Exercise brief: Here the job is to retype the data word for word while leaving the pictures aside.
Provided data Block Start
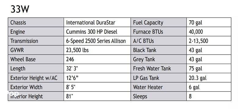 The Owner has also upgraded to the 15k BTU AC with heat pump (an upgrade), a touch screen stereo with navigation (an upgrade), and a 1200W inverter (an upgrade)
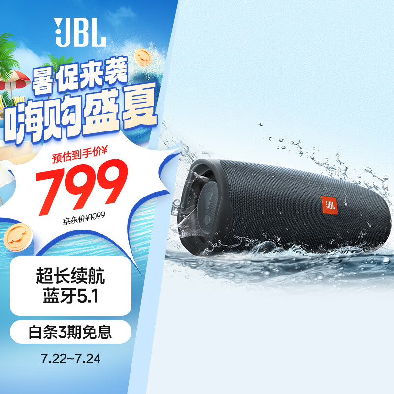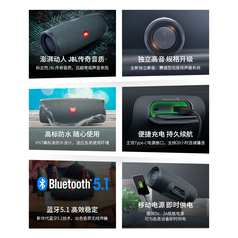 JBLCHARGE ES2 音乐冲击波青春版二代 便携蓝牙音箱 低音炮 桌面音响 防水设计 超长续航 蓝牙5.1价格:799.00元!
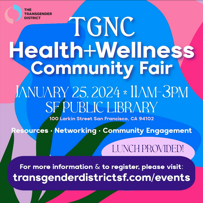 Attend the TGNC Health + Wellness Community Fair by the Transgender District! The event is on January 25th, 2024 from 11am to 3pm at the SF Public Library: 100 Larkin St, San Francisco, CA 94102
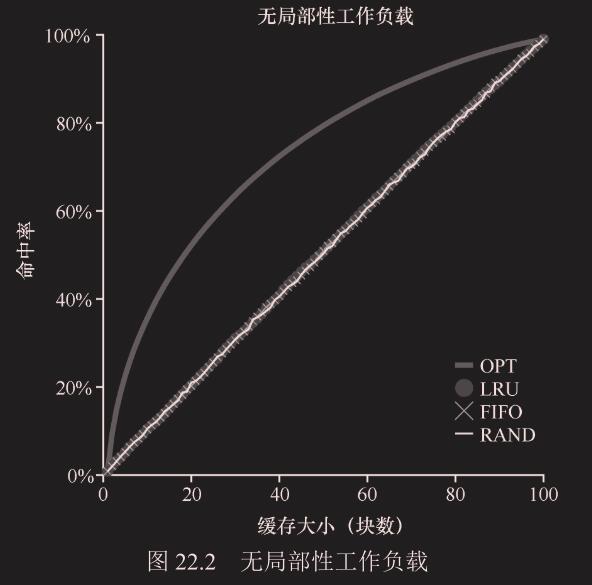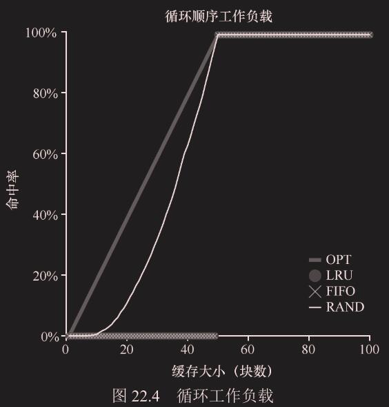 ,其中依次引用 50 个页,从 0 开始,然后是 1,…,49,然后循环,重复访问。展示了 LRU 或者 FIFO 的最差情况。
Provided data Block End
The completed task:
 The Owner has also upgraded to the 15k BTU AC with heat pump (an upgrade), a touch screen stereo with navigation (an upgrade), and a 1200W inverter (an upgrade)
 JBLCHARGE ES2 音乐冲击波青春版二代 便携蓝牙音箱 低音炮 桌面音响 防水设计 超长续航 蓝牙5.1价格:799.00元!
 Attend the TGNC Health + Wellness Community Fair by the Transgender District! The event is on January 25th, 2024 from 11am to 3pm at the SF Public Library: 100 Larkin St, San Francisco, CA 94102
 ,其中依次引用 50 个页,从 0 开始,然后是 1,…,49,然后循环,重复访问。展示了 LRU 或者 FIFO 的最差情况。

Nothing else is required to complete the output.